= WHAT IS NEEDED =
Word for word, set down the lines from the one that contains "See Table 1" through the final line of the data; no pictures belong in the copy.

= THE DATA =
++++++++++
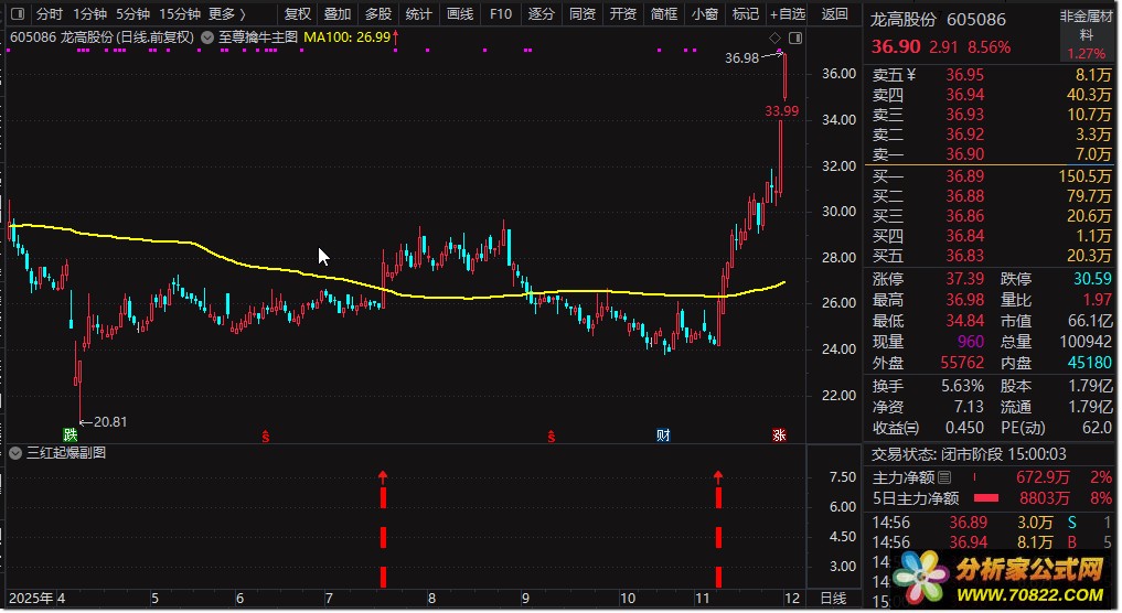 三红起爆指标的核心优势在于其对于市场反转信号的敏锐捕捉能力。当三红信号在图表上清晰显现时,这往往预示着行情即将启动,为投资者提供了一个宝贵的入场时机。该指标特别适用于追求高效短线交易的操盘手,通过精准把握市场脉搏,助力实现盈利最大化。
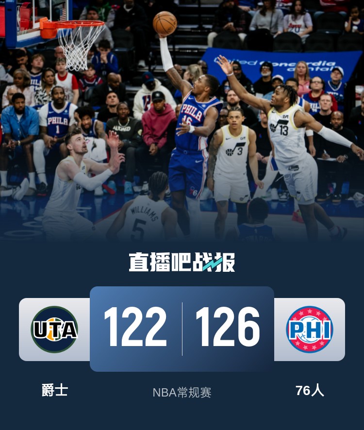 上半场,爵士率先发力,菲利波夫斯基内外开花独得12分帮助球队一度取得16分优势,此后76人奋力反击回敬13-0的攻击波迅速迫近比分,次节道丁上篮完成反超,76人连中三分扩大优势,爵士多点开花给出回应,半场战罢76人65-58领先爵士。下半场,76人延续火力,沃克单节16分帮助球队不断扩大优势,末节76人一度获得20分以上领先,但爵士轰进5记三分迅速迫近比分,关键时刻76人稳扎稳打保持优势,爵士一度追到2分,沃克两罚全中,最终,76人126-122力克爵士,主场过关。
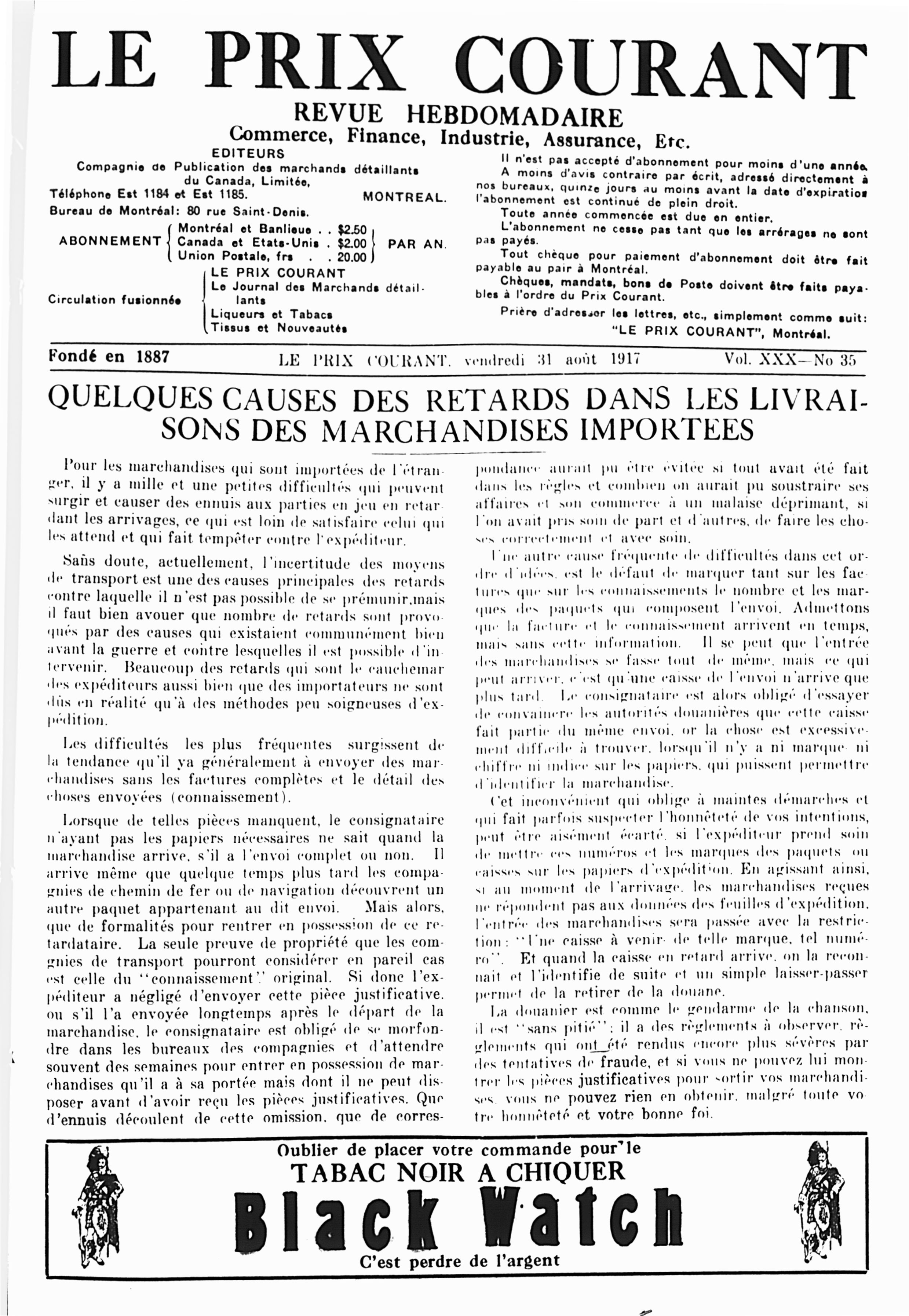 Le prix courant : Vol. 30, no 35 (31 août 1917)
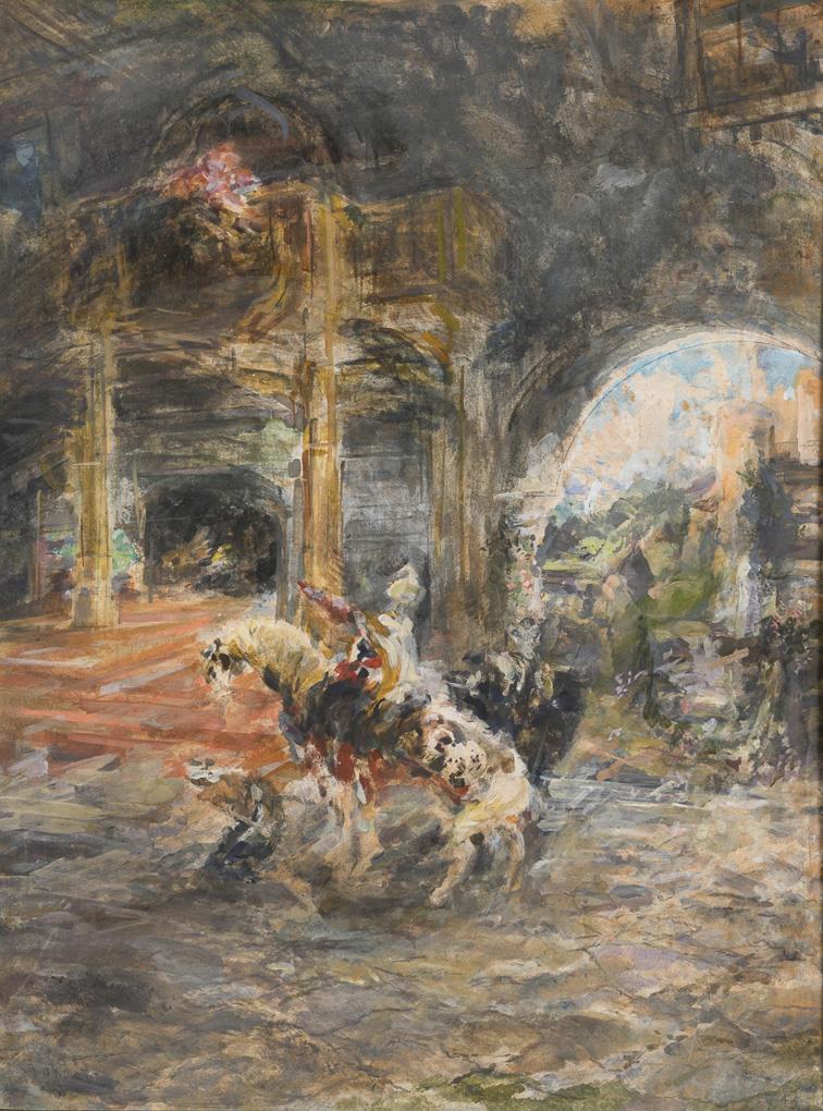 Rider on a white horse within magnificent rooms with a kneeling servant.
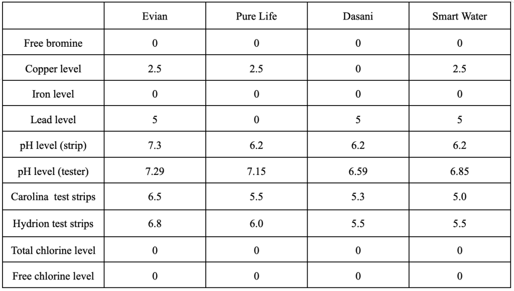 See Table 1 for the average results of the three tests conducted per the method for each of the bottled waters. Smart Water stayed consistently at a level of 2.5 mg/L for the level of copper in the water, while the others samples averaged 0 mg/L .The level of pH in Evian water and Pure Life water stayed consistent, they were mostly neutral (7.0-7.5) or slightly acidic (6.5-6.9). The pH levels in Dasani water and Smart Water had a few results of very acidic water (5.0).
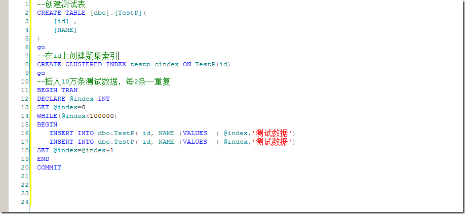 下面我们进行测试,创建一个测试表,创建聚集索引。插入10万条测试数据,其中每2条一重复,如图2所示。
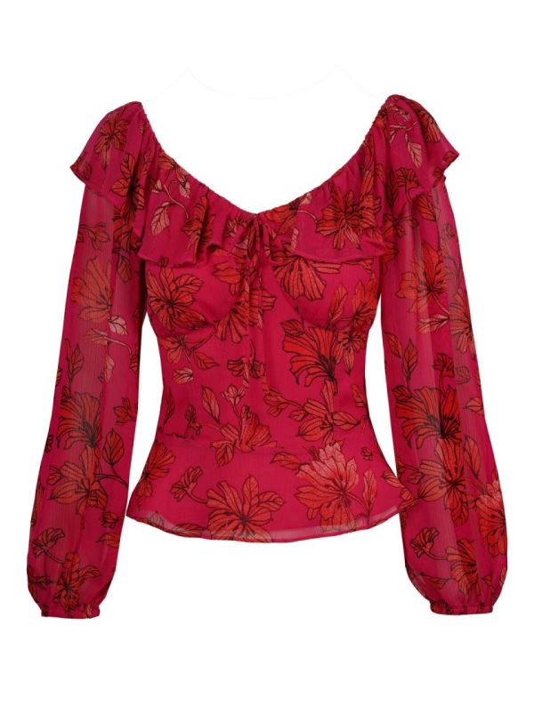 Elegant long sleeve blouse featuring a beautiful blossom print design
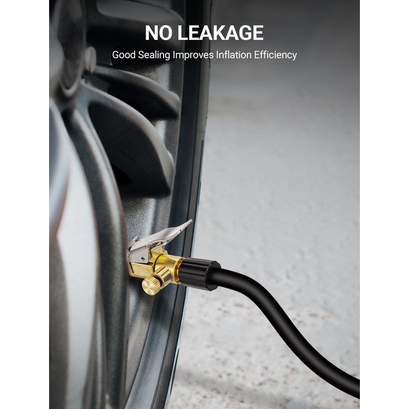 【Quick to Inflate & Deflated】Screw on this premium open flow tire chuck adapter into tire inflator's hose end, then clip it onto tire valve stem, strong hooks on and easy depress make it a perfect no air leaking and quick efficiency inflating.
++++++++++
= ANSWER FOR THIS EXERCISE =
 See Table 1 for the average results of the three tests conducted per the method for each of the bottled waters. Smart Water stayed consistently at a level of 2.5 mg/L for the level of copper in the water, while the others samples averaged 0 mg/L .The level of pH in Evian water and Pure Life water stayed consistent, they were mostly neutral (7.0-7.5) or slightly acidic (6.5-6.9). The pH levels in Dasani water and Smart Water had a few results of very acidic water (5.0).
 下面我们进行测试,创建一个测试表,创建聚集索引。插入10万条测试数据,其中每2条一重复,如图2所示。
 Elegant long sleeve blouse featuring a beautiful blossom print design
 【Quick to Inflate & Deflated】Screw on this premium open flow tire chuck adapter into tire inflator's hose end, then clip it onto tire valve stem, strong hooks on and easy depress make it a perfect no air leaking and quick efficiency inflating.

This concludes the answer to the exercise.